Nguyen Hac Thuy, General Secretary of Vietnam Fertiliser Association, said weak management of the fertiliser can be sourced to overlaps between ministries, lack of transparency and inadequate deterrence. These factors have wrought disorder from production to distribution. The prevalence of fake and poor-quality products has caused economic damages worth billions of dollars and upturned the livelihoods of farmers.
The association’s investigation found many fertilizer products labeled “53% nutrient content” on its package--with actual nutrient content only at 3%, Thuy said. He cited assessments of the Institute of Criminal Sciences, which also found that the nutrient content of some samples was only at 1,9%, and the remaining was all limestone power.

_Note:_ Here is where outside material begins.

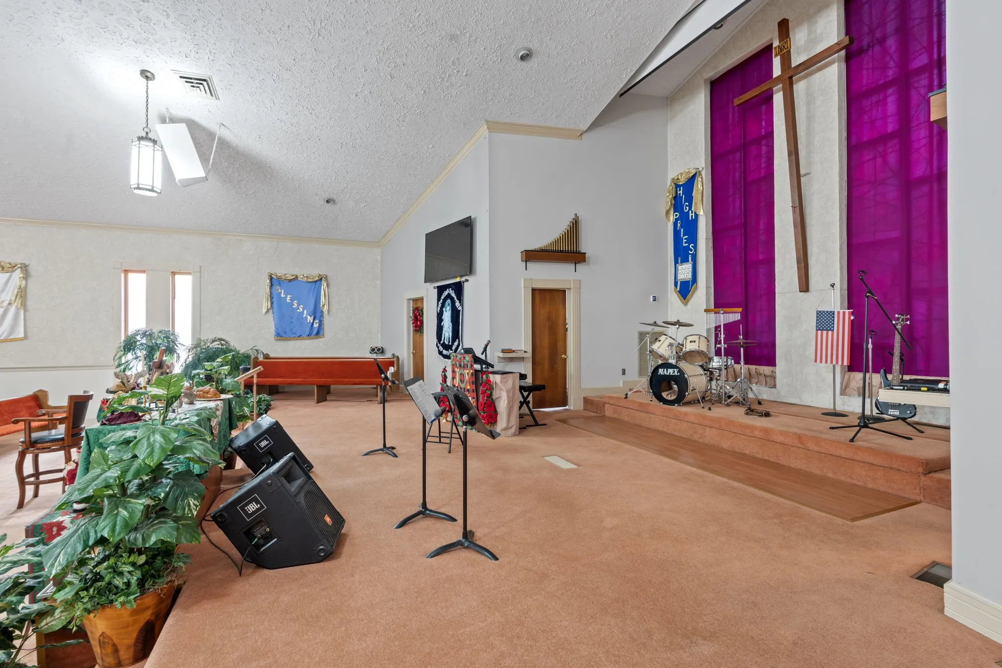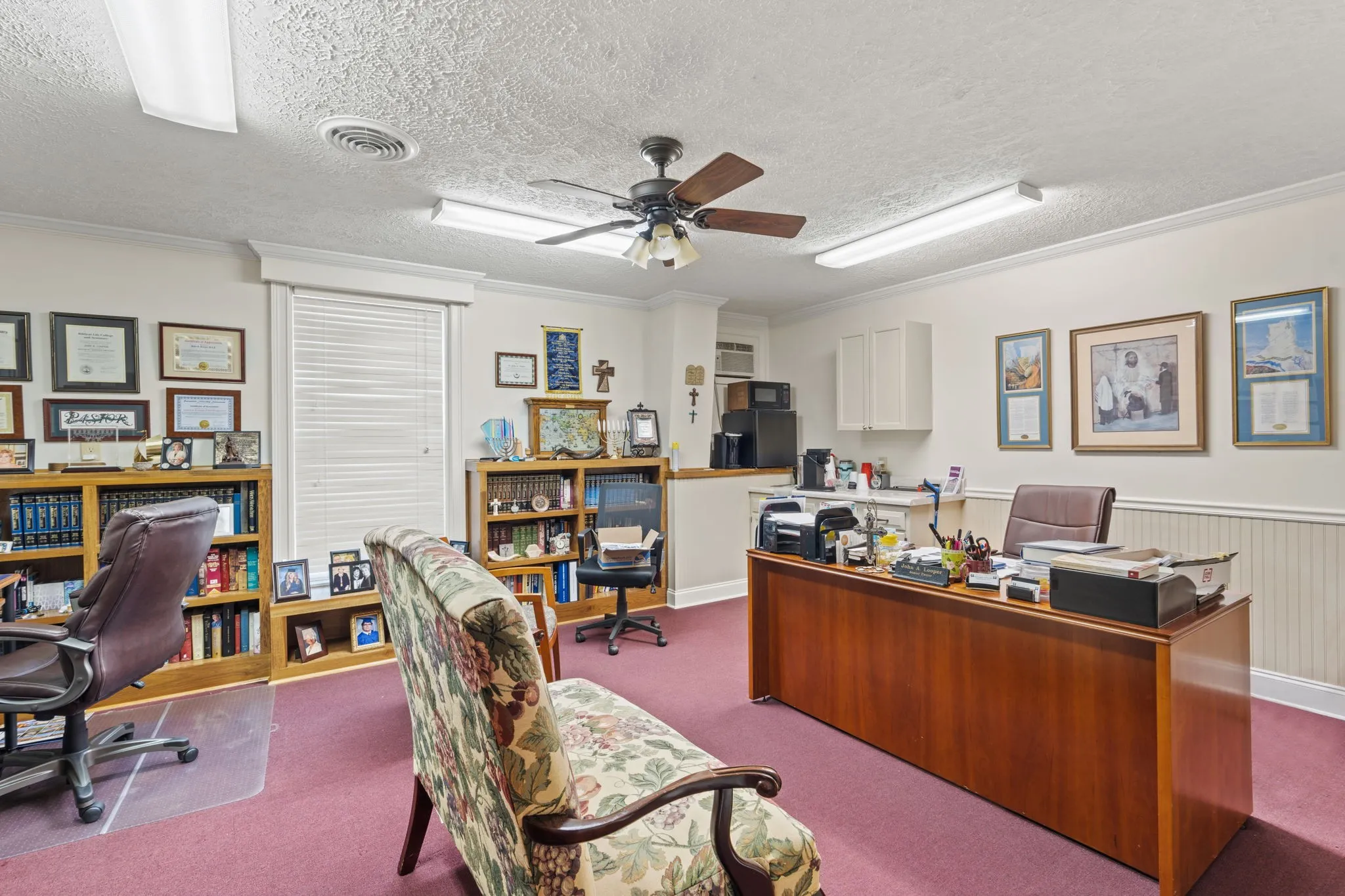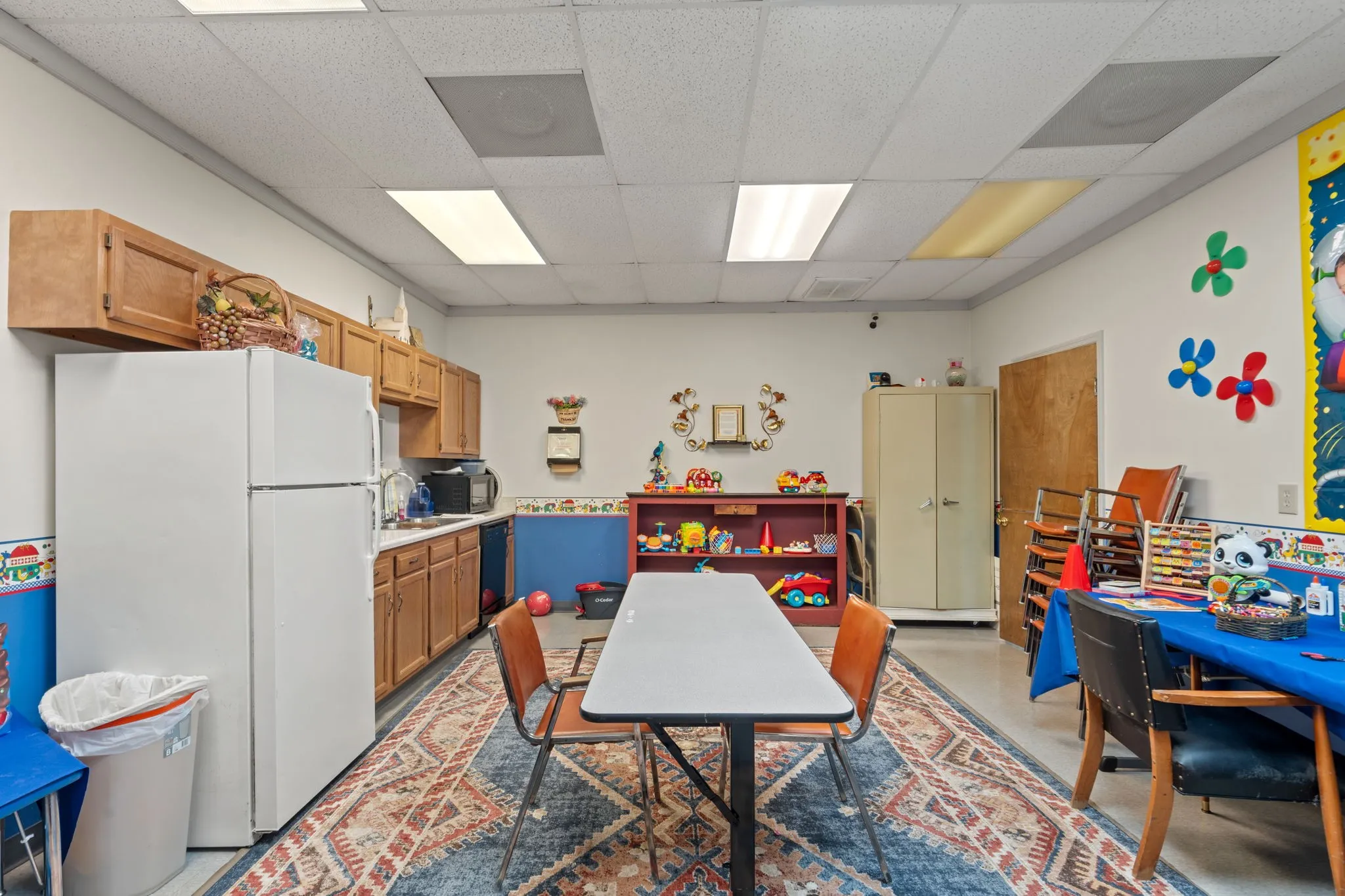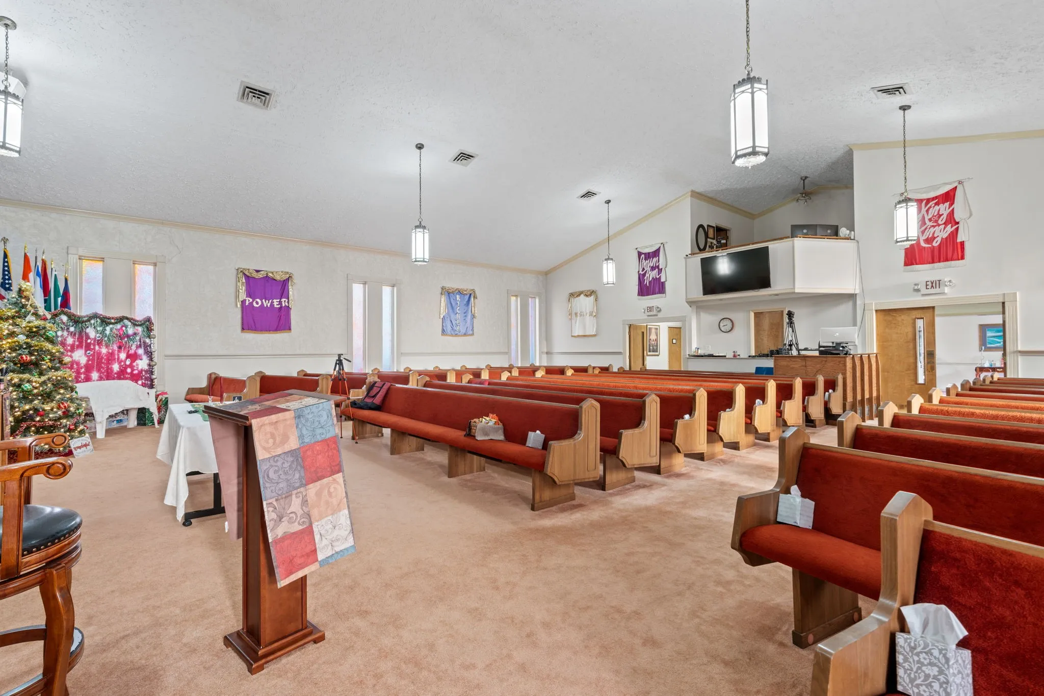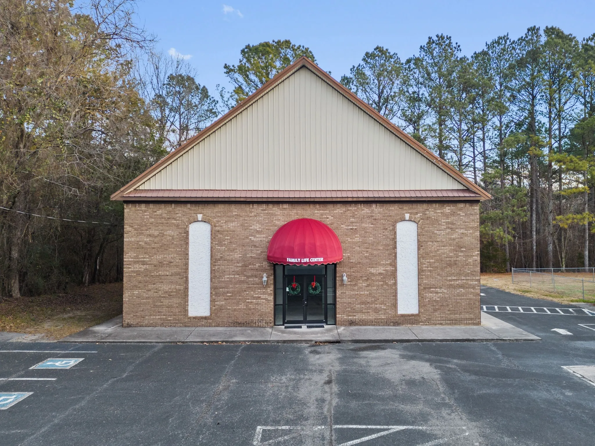 Two additional buildings enhance the campus functionality. A ±1,600 SF classroom/nursery building provides flexible space for administration or instruction. The ±4,200 SF Family Life Center (FLC) significantly expands usability and includes a large flex/recreation room, full industrial kitchen, multiple storage rooms, and men's and women's restrooms. The upper level of the FLC offers six additional rooms (three on each side) suitable for offices, classrooms, libraries, meeting rooms, or storage, allowing for a wide range of institutional or community uses.\n

“The quality of fake fertilisers are no different to natural land in many regions,” Thuy said.
He added that the association surveyed about 80% of the provinces and cities and found that there were more than 800 fertiliser production plants across the country.
Thuy said that punishments for producing and trading fake and poor-quality fertilisers were not strong enough. He also questioned why many poor-quality fertilisers passed tests.
According to Dam Thanh The, Standing Office Chief of the National Steering Committee for Combating Against Smuggling, Commercial Frauds and Counterfeit Goods, the sources of disorders in the fertiliser market are varied. He specifically pointed to management overlap between the Ministry of Agriculture and Rural Development and the Ministry of Industry and Trade and to a surplus of leniency toward offenders.
Nguyen Huy Cuong, Deputy Director of the Plantation Department under the Ministry of Agriculture and Rural Development, pointed to another source of troubles. In the world, there were around 300 standard kinds of fertilisers. In Vietnam, there are a whopping 7,000, causing confusion in differentiating genuine from fake products.
Cuong also agreed that it is not effective that two ministries managed one product. Under the Government’s Decree 202/2013/NĐ-CP, inorganic fertiliser is under the management of industry and trade ministry while the agriculture ministry is in charge of managing organic fertiliser. This also caused difficulties for firms, Cuong said.
Experts at the conference proposed that a single ministry should take charge of fertiliser management.
In addition, fertiliser regulations should be amended towards specifying local authorities’ accountability.
Additionally, punishments on violators must be sufficiently deterrent, experts said.The association also urged checks to eliminate plants which did not meet requirements in order to reorganise the fertiliser market.